We will discuss the script in detail. The key elements are the –array SBATCH option towards the top of the script. It is given the options 1-12. Then you will see the variable “cityname” gets assigned from a sed operation depending on a SLURM_ARRAY_TASK_ID from the given file “locations.txt”. In locations.txt, we will add 12 city names for the array job to process.
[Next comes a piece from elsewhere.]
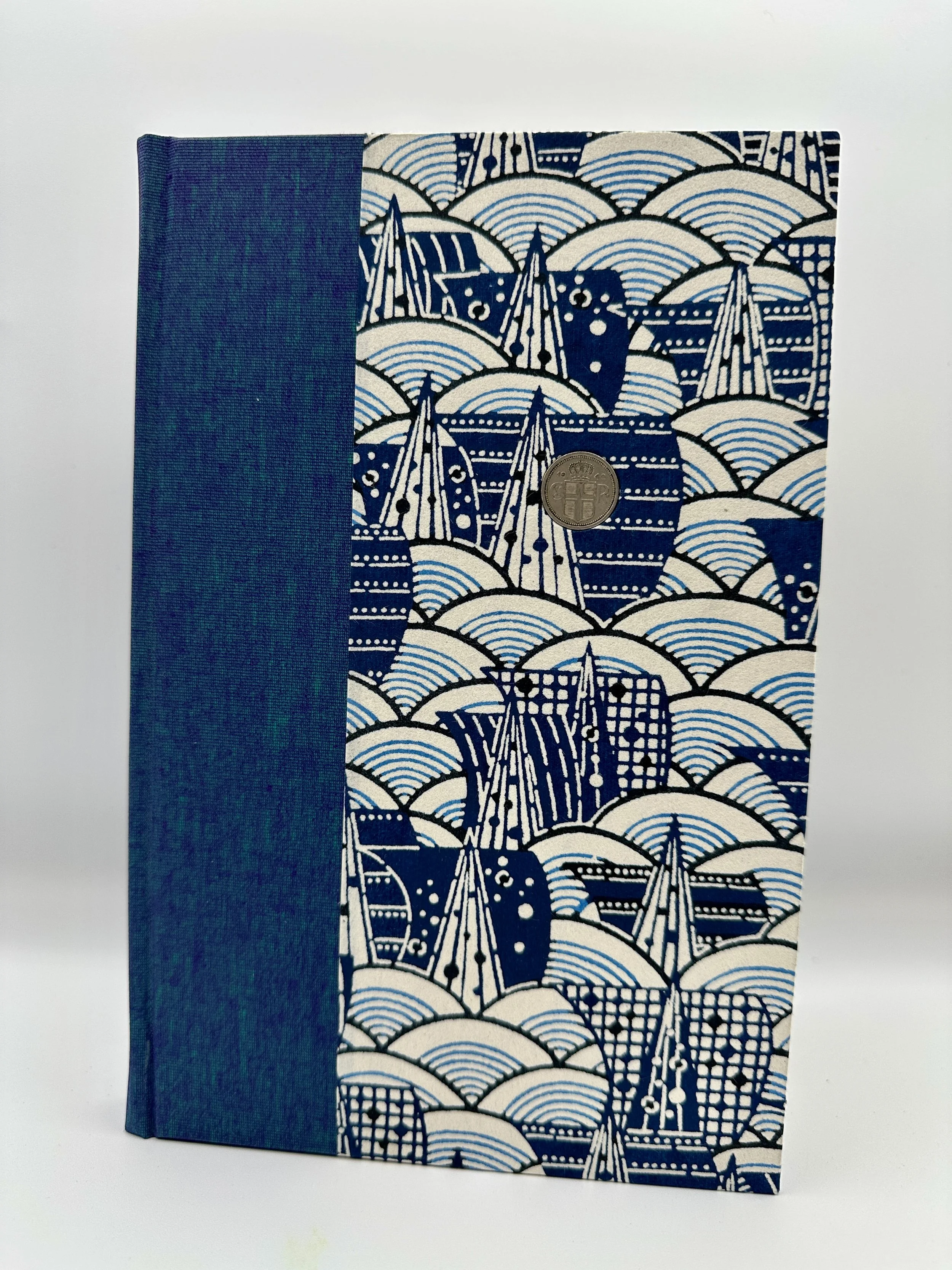 This book’s endbands and bookmark are French goatskin. The spine is covered in Dubletta book cloth from the Netherlands, and its boards are wrapped in paper that was silk-screened in Japan in a factory where kimono silks are printed.

(workshoptools) [hvasquezgross@login-1 array_sbatch]$ nano locations.txt

Detroit
Paris
Hamburg
Orlando
Bonn
Nashville
Boise
Cairo
Shenzhen
Rotterdam
Antwerp
Valencia

Now lets run the array job


(workshoptools) [hvasquezgross@login-1 array_sbatch]$ sbatch sbatch_array.sh 

You will notice the .err and .out logs will have file names associated with the main ARRAY job number, as well as the, array sub-job number.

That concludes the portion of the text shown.